== Segment start ==
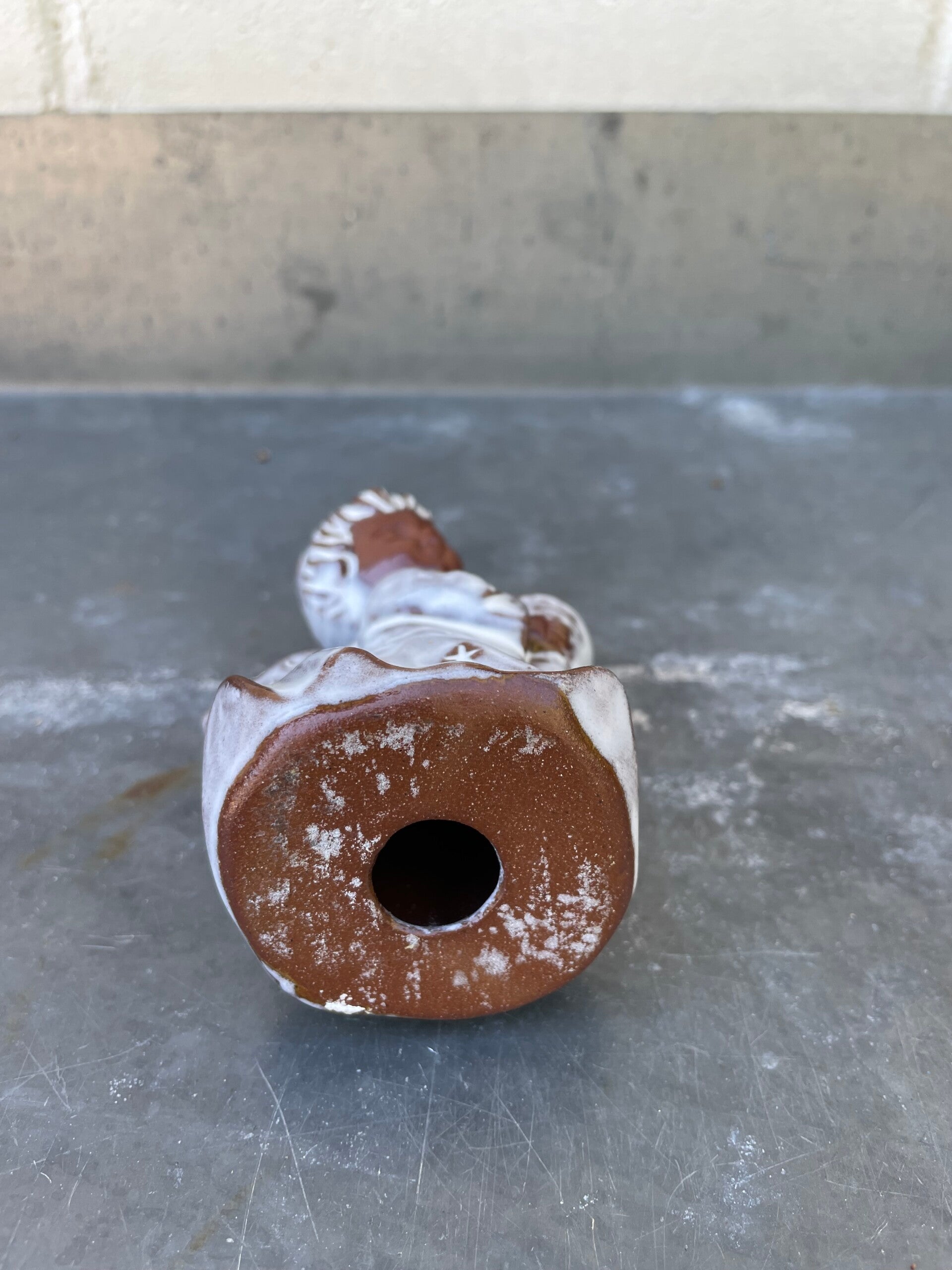 Bruine ondergrond van klei is zichtbaar op het gezichtje en de handjes dit is niet geglazuurd
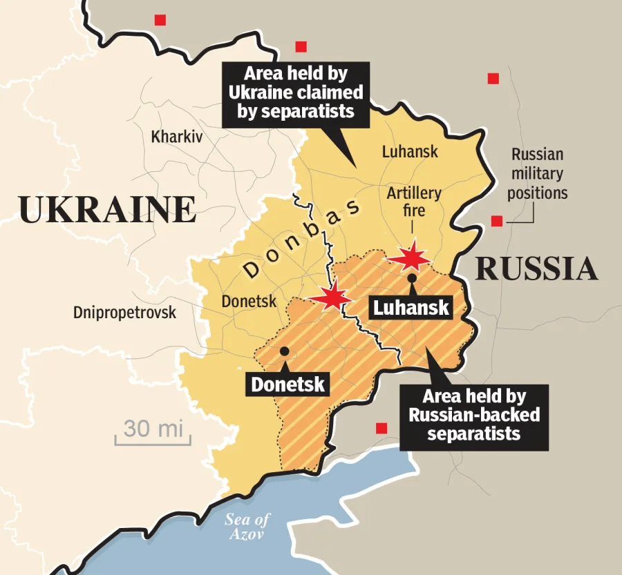 The Ukrainian army declares war and led by Nazi battalions (Azov, Aidar, etc.) begin to surround and bomb the most representative pro-Russian cities.
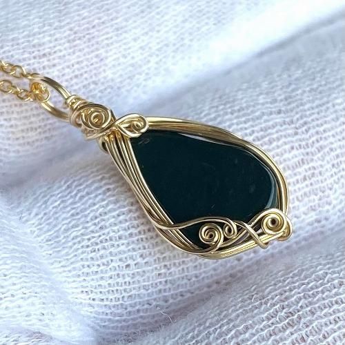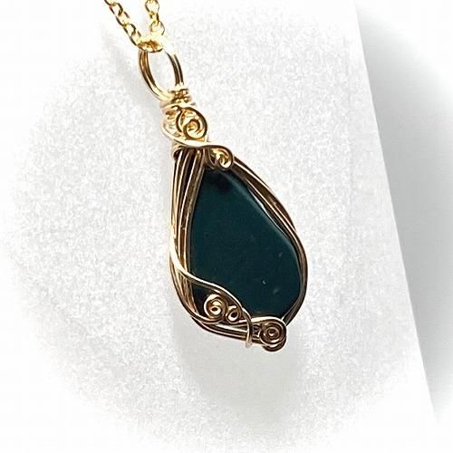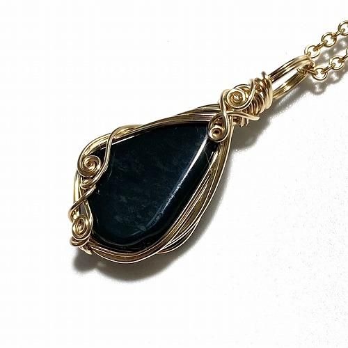 【 碧玉 ワイヤーラップペンダント 14kgfチェーン 】 青めのう 碧石 出雲石 天然石 貴石細工 パワーストーン ゴールド
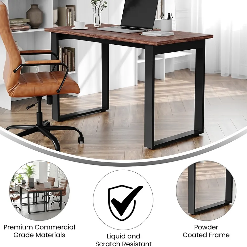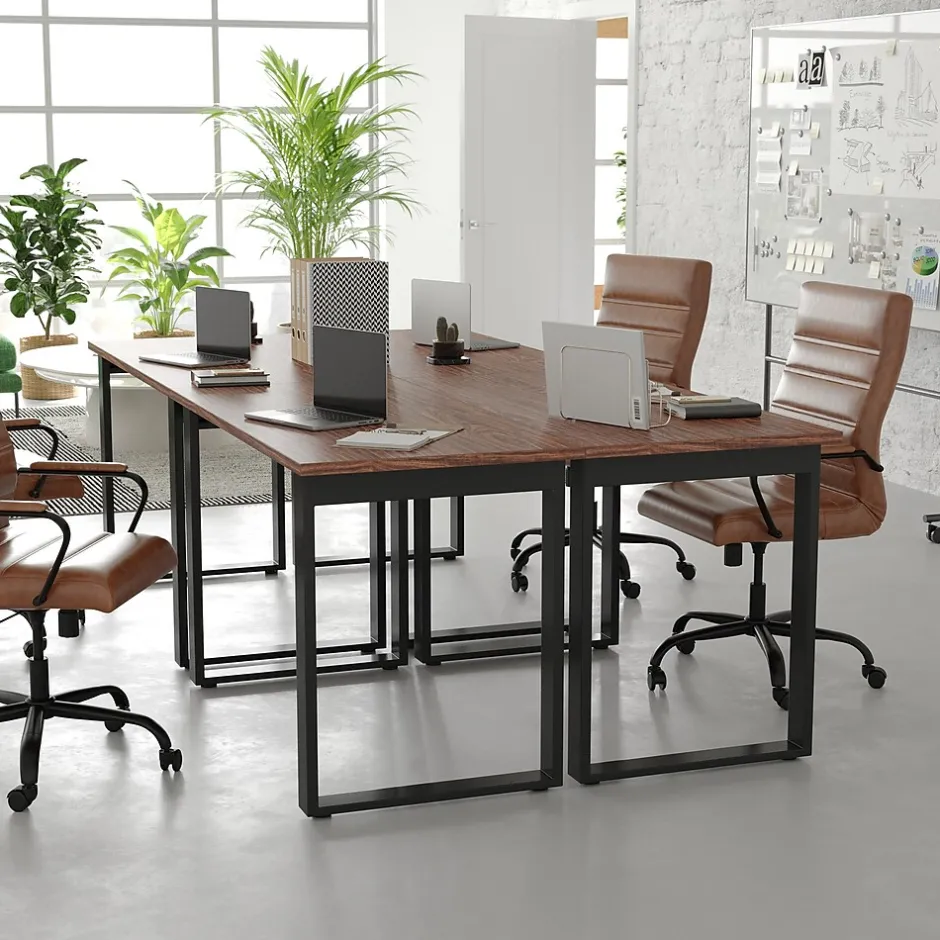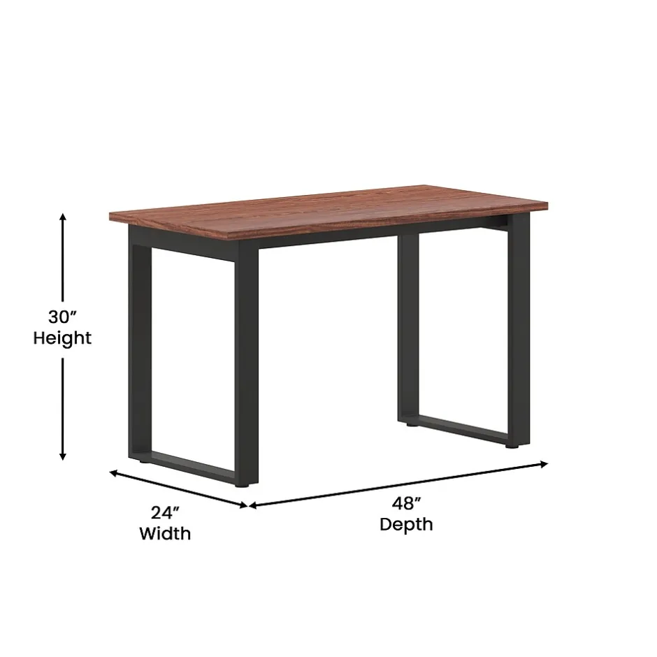 Foster big thinking during brainstorming sessions or encourage open communication and interaction between stakeholders during important meetings with this 48×24 commercial grade conference table. Available in timeless finishes that will blend well in any environment, this boardroom table will make a statement while providing ample space for multiple guests. The liquid and scratch-resistant 1 inch thick table top with a durable laminate finish on both sides and PVC edging increases durability for long-lasting use. The heavy-duty, powder coated, U-frame steel base comes with included hardware and easily attaches to the underside of the table into the predrilled holes. This conference room table holds up to 300 lbs. static weight, and features adjustable floor glides ensuring a level surface. Assembly takes less than 10 minutes and cleanup is easily achieved with a damp cloth.
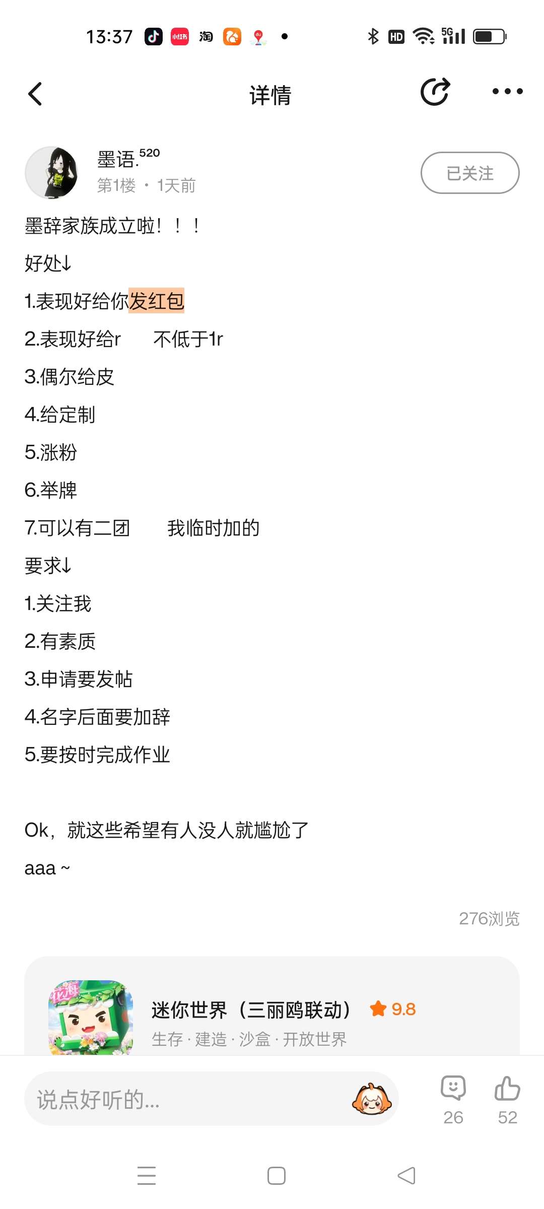 申请加入墨辞家族,有树枝,最后祝莫辞家族蒸蒸日上😘😘😘
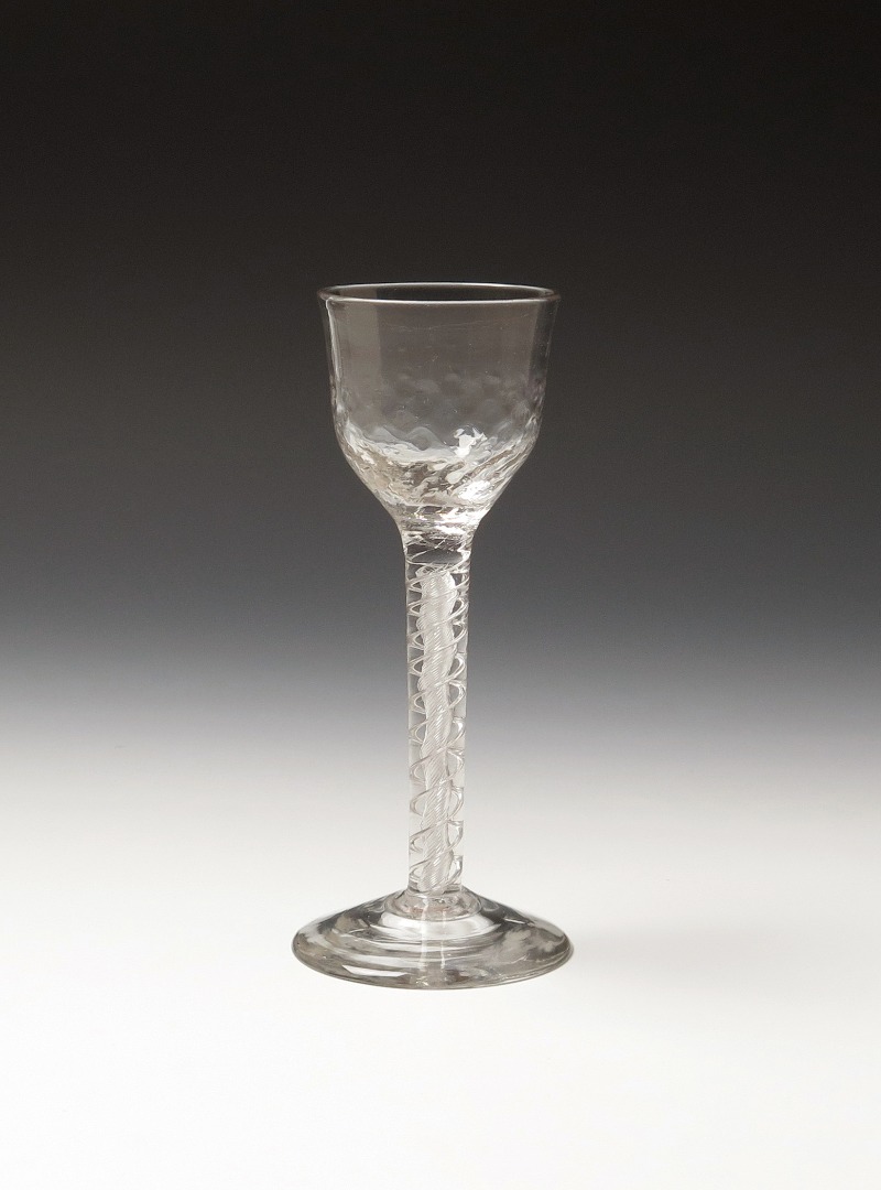 A small wine glass c.1750, the funnel bowl with honeycomb moulding, raised on a dense double series airtwist stem and conical foot, 14.3cm.
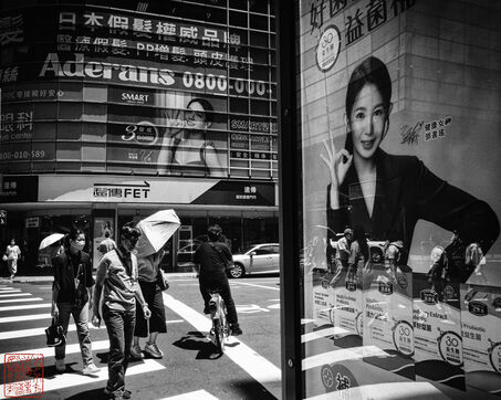 Sous les préaux des rues Guanqian, dans le quartier de Zhongshan, les piétons cherchent un peu d’ombre, les yeux fuyant les publicités criardes qui tapissent les murs, leurs pas absorbés par le cliquetis du monde autour d’eux.
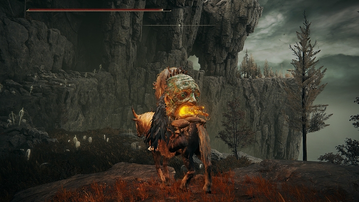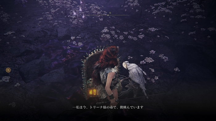 青海岸の探索を続けていきます。亜人っぽいやつが背を向けて突っ立ってたので「さくっと殺っちゃお~♪」って感じで襲ったら、返り討ちにあって殺された。剣を持ってるこの亜人強いんだけど! 戻ってきて慎重に戦って倒しました。見かけで相手を判断してはいけないね。海岸では「亜人の女王マルガ」がいた。気を付けることは特にないです。適当に倒しましょう。取り巻きを先に殺しとくと安全に戦えます。それにしても青海岸に点在してるこれはなんなのでしょうね? 巨大な棺? 中に何が入ってるのやら。カロの隠し墓地まで戻ってきたら「死儀礼の鳥」に遭遇。こいつと戦うの何回目だろう。北西の方に行くと何やら牢獄のような籠が散らかってる道が……奥には洞窟があります。洞窟は「嘆きの牢獄」名前からして嫌な感じしかしない。やっぱり壺の中身がいたよ!! こいつら驚かせるように急に出てくるからやだ!!下層では死体が泥のように積み重なって、周囲で壺人がわちゃわちゃしてました。なんなのこの惨状……小さい壺は遊んでるのか?ボスは「嘆き人」小さくて弱そうに見えますが、実際ただの雑魚です。殴りつづけてれば倒せます。しかしすぐに姿を消したかと思うと、今度は分身して現れた。しかし増えても雑魚のままなのでかまわず倒しましょう。消えては分身して出てきてを繰り返すのですが、いつの間にか自分の頭の周りに何かが浮かんでる……。そして唐突に嘆いて即死した。原因が全く分からない、この浮かんでる変なのが関係してるのか?ギミックがよくわからなかったのでとりあえず分身全てを皆殺しにしてたら倒せました。まぁ動くやつを全部殺せば勝ちだからね!(脳筋)再び青海岸へ。最南端の方へと向かっていくとチンアナゴみたいなやつと、壺を投げてくるトロルが出迎えてくれます。トロルは鬱陶しいので倒す。地下深くまで降りれそうな穴を発見。また地下都市があるのかな……。穴は「石棺の大穴」に繋がってました。なんでこんなに棺があるんだろ。入口付近には血鬼がいた。よく見ると顔が怖いなこいつら。ミケラの十字がこんな所にも。「我が愛を棄てる」愛などいらぬ! ですねわかります。それにしてもすごい風景だ……。この雰囲気好きですね。この棺がどこから来たのか、何が入ってる棺なのか、どうしてここにきて壁にめり込んでるのかさっぱりわかりませんが……。爆弾岩が群れてる……。一旦近づいてすぐ離れるか、駆け抜けていきましょう。道中には高速レーザーを撃ってくる岩芋虫もいるので注意。爆弾岩ゾーンを抜けると、何故かこんな所に混種の騎士がいた。なんでだろう……。最奥では大量の動物がスヤスヤ寝てます。近づいても逃げたりしないし、祝福が近いので思う存分素材がとれますね!!!祝福から石棺の先端部分に立つ。やる事は決まってる……。飛び込むんだよ!!!!!!!!!!!!!!!落ちた先でボス「泥濘の騎士」です。馬に乗りながらよくわからん動きをしてきます。馬と分離した際に突進してくる馬攻撃を避けた後や、叩きつけからの薙ぎ払い後が反撃しやすいです。後半から氷結効果ありの青い炎を広範囲に撒いてきます。よくわからないのが長い溜め動作から3回炎範囲攻撃をしてくるやつ。回避できそうにないので密着してガードで耐えてました。円状に展開して外から内に燃えてくる炎は回避できます。泥濘の騎士を倒して奥に行くと、よくわからない格好してる植物みたいな人がいた。話しかけると「蜜を吸う」の選択肢が……もちろん吸います。甘くておいしそうですね。突 然 の 死なんで死んだの? なにもわからない……。近づいてよく観察してみたがこいつ体はどうなってんだ? ものすごいぐねってそう。そしてしょうこりもなく蜜をチューチューして死んでを繰り返してたら、ついに話しかけてくれるようになりました。ミケラを止めて欲しいそうです。周辺に大量に咲いてる蜜血の木の芽の説明文からして、この人はトリーナのようですね。まぁミケラとどういう関係かよくわからんけど、頼まれたからには引き受けましょう。ミケラを殺す(止める)! ヨシ!ではこんなとこで(´0Д0)ノシ光が~の朝子、可愛い。
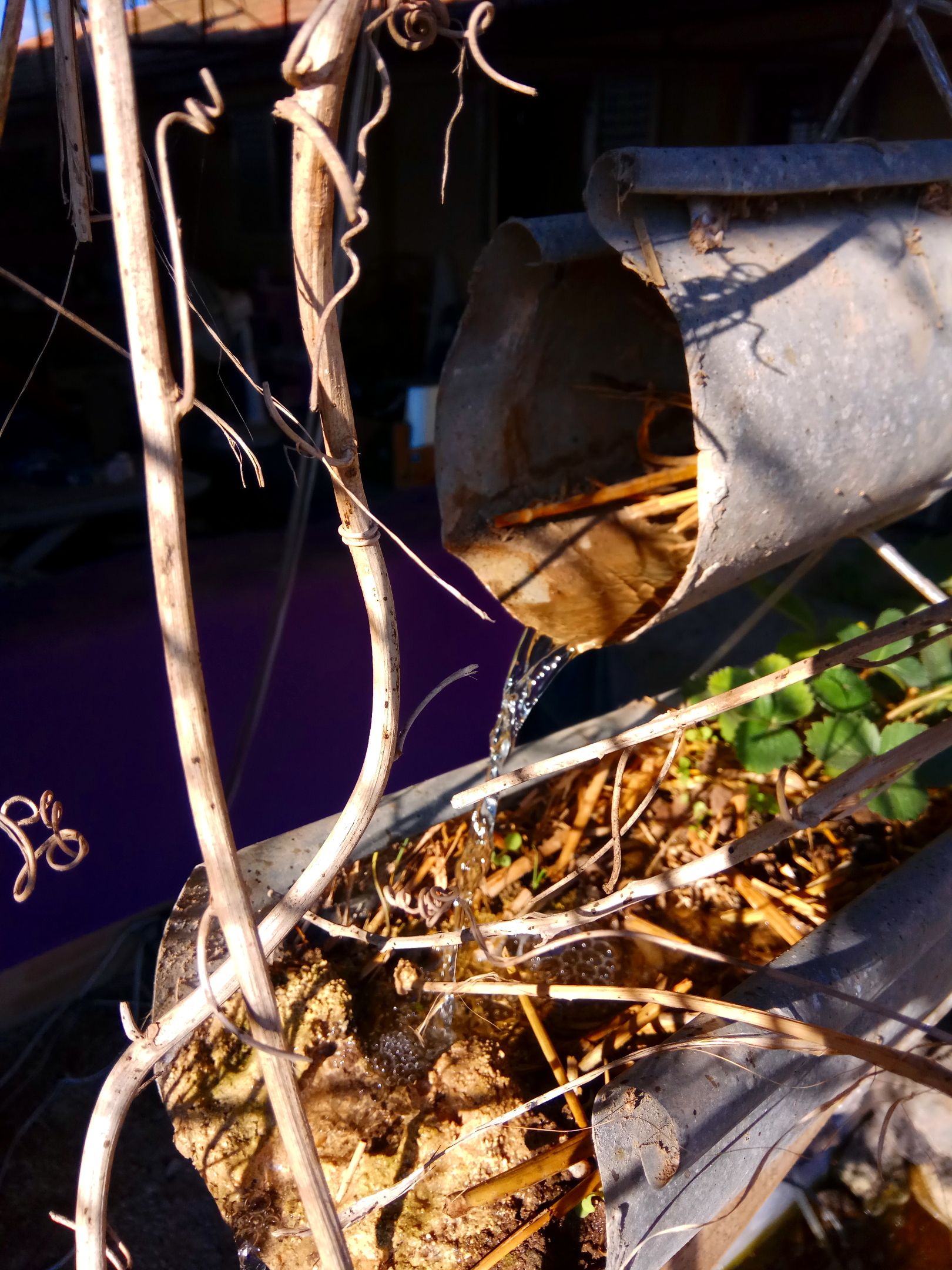 Having a few pieces of an old metal gutter around, I figured it'd be nice to hang a bounch of them up, in a way that water from the top could run through all of them, in nice little waterfalls, and right into a big plastic pond, to be sucked up again with a small water pump.
== Segment end ==
■ Aim of the exercise: Each record above should be duplicated word for word, with no pictures included.

■ Result:
 Bruine ondergrond van klei is zichtbaar op het gezichtje en de handjes dit is niet geglazuurd
 The Ukrainian army declares war and led by Nazi battalions (Azov, Aidar, etc.) begin to surround and bomb the most representative pro-Russian cities.
 【 碧玉 ワイヤーラップペンダント 14kgfチェーン 】 青めのう 碧石 出雲石 天然石 貴石細工 パワーストーン ゴールド
 Foster big thinking during brainstorming sessions or encourage open communication and interaction between stakeholders during important meetings with this 48×24 commercial grade conference table. Available in timeless finishes that will blend well in any environment, this boardroom table will make a statement while providing ample space for multiple guests. The liquid and scratch-resistant 1 inch thick table top with a durable laminate finish on both sides and PVC edging increases durability for long-lasting use. The heavy-duty, powder coated, U-frame steel base comes with included hardware and easily attaches to the underside of the table into the predrilled holes. This conference room table holds up to 300 lbs. static weight, and features adjustable floor glides ensuring a level surface. Assembly takes less than 10 minutes and cleanup is easily achieved with a damp cloth.
 申请加入墨辞家族,有树枝,最后祝莫辞家族蒸蒸日上😘😘😘
 A small wine glass c.1750, the funnel bowl with honeycomb moulding, raised on a dense double series airtwist stem and conical foot, 14.3cm.
 Sous les préaux des rues Guanqian, dans le quartier de Zhongshan, les piétons cherchent un peu d’ombre, les yeux fuyant les publicités criardes qui tapissent les murs, leurs pas absorbés par le cliquetis du monde autour d’eux.
 青海岸の探索を続けていきます。亜人っぽいやつが背を向けて突っ立ってたので「さくっと殺っちゃお~♪」って感じで襲ったら、返り討ちにあって殺された。剣を持ってるこの亜人強いんだけど! 戻ってきて慎重に戦って倒しました。見かけで相手を判断してはいけないね。海岸では「亜人の女王マルガ」がいた。気を付けることは特にないです。適当に倒しましょう。取り巻きを先に殺しとくと安全に戦えます。それにしても青海岸に点在してるこれはなんなのでしょうね? 巨大な棺? 中に何が入ってるのやら。カロの隠し墓地まで戻ってきたら「死儀礼の鳥」に遭遇。こいつと戦うの何回目だろう。北西の方に行くと何やら牢獄のような籠が散らかってる道が……奥には洞窟があります。洞窟は「嘆きの牢獄」名前からして嫌な感じしかしない。やっぱり壺の中身がいたよ!! こいつら驚かせるように急に出てくるからやだ!!下層では死体が泥のように積み重なって、周囲で壺人がわちゃわちゃしてました。なんなのこの惨状……小さい壺は遊んでるのか?ボスは「嘆き人」小さくて弱そうに見えますが、実際ただの雑魚です。殴りつづけてれば倒せます。しかしすぐに姿を消したかと思うと、今度は分身して現れた。しかし増えても雑魚のままなのでかまわず倒しましょう。消えては分身して出てきてを繰り返すのですが、いつの間にか自分の頭の周りに何かが浮かんでる……。そして唐突に嘆いて即死した。原因が全く分からない、この浮かんでる変なのが関係してるのか?ギミックがよくわからなかったのでとりあえず分身全てを皆殺しにしてたら倒せました。まぁ動くやつを全部殺せば勝ちだからね!(脳筋)再び青海岸へ。最南端の方へと向かっていくとチンアナゴみたいなやつと、壺を投げてくるトロルが出迎えてくれます。トロルは鬱陶しいので倒す。地下深くまで降りれそうな穴を発見。また地下都市があるのかな……。穴は「石棺の大穴」に繋がってました。なんでこんなに棺があるんだろ。入口付近には血鬼がいた。よく見ると顔が怖いなこいつら。ミケラの十字がこんな所にも。「我が愛を棄てる」愛などいらぬ! ですねわかります。それにしてもすごい風景だ……。この雰囲気好きですね。この棺がどこから来たのか、何が入ってる棺なのか、どうしてここにきて壁にめり込んでるのかさっぱりわかりませんが……。爆弾岩が群れてる……。一旦近づいてすぐ離れるか、駆け抜けていきましょう。道中には高速レーザーを撃ってくる岩芋虫もいるので注意。爆弾岩ゾーンを抜けると、何故かこんな所に混種の騎士がいた。なんでだろう……。最奥では大量の動物がスヤスヤ寝てます。近づいても逃げたりしないし、祝福が近いので思う存分素材がとれますね!!!祝福から石棺の先端部分に立つ。やる事は決まってる……。飛び込むんだよ!!!!!!!!!!!!!!!落ちた先でボス「泥濘の騎士」です。馬に乗りながらよくわからん動きをしてきます。馬と分離した際に突進してくる馬攻撃を避けた後や、叩きつけからの薙ぎ払い後が反撃しやすいです。後半から氷結効果ありの青い炎を広範囲に撒いてきます。よくわからないのが長い溜め動作から3回炎範囲攻撃をしてくるやつ。回避できそうにないので密着してガードで耐えてました。円状に展開して外から内に燃えてくる炎は回避できます。泥濘の騎士を倒して奥に行くと、よくわからない格好してる植物みたいな人がいた。話しかけると「蜜を吸う」の選択肢が……もちろん吸います。甘くておいしそうですね。突 然 の 死なんで死んだの? なにもわからない……。近づいてよく観察してみたがこいつ体はどうなってんだ? ものすごいぐねってそう。そしてしょうこりもなく蜜をチューチューして死んでを繰り返してたら、ついに話しかけてくれるようになりました。ミケラを止めて欲しいそうです。周辺に大量に咲いてる蜜血の木の芽の説明文からして、この人はトリーナのようですね。まぁミケラとどういう関係かよくわからんけど、頼まれたからには引き受けましょう。ミケラを殺す(止める)! ヨシ!ではこんなとこで(´0Д0)ノシ光が~の朝子、可愛い。
 Having a few pieces of an old metal gutter around, I figured it'd be nice to hang a bounch of them up, in a way that water from the top could run through all of them, in nice little waterfalls, and right into a big plastic pond, to be sucked up again with a small water pump.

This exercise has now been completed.